▸ **Assignment**
Output word for word the lines from the one with "目前,林志颖的妈妈、老婆陈若" to the final line of the data, both ends included, but skip the pictures.
Start of Provided data
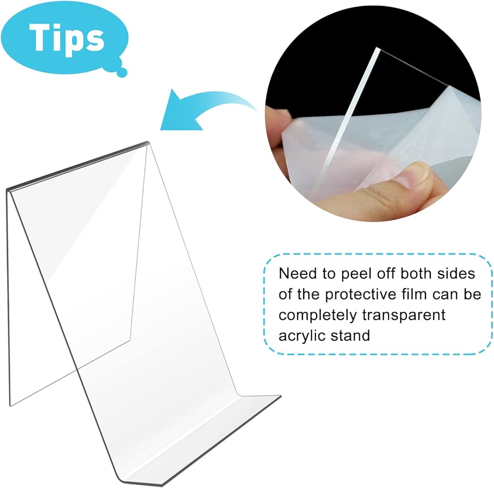 Please Note: In order to ensure that the acrylic holder are not scratched and dust contamination, these acrylic stands for display are covered with protective film on both sides, please remember to tear off the protective film before use, in order to get a completely group transparent display.
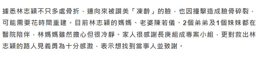 目前,林志颖的妈妈、老婆陈若仪、2个弟弟及1个妹妹都在医院陪伴,林妈妈虽然担心儿子和孙子但一直很冷静,家人也很感谢,更对救出林志颖的路人见义勇为十分感激,想找到当事人致谢。
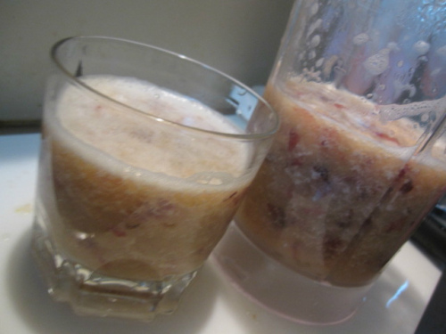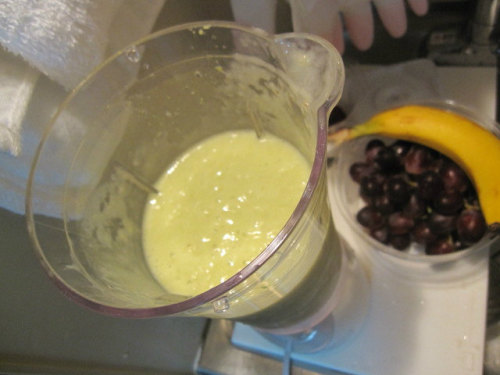 今夜はアボカドとバナナのミックスジュース。量はたいしたことないが濃厚。薄めてますがこれでも多いかも。
End of Provided data
▸ **Written solution**
 目前,林志颖的妈妈、老婆陈若仪、2个弟弟及1个妹妹都在医院陪伴,林妈妈虽然担心儿子和孙子但一直很冷静,家人也很感谢,更对救出林志颖的路人见义勇为十分感激,想找到当事人致谢。
 今夜はアボカドとバナナのミックスジュース。量はたいしたことないが濃厚。薄めてますがこれでも多いかも。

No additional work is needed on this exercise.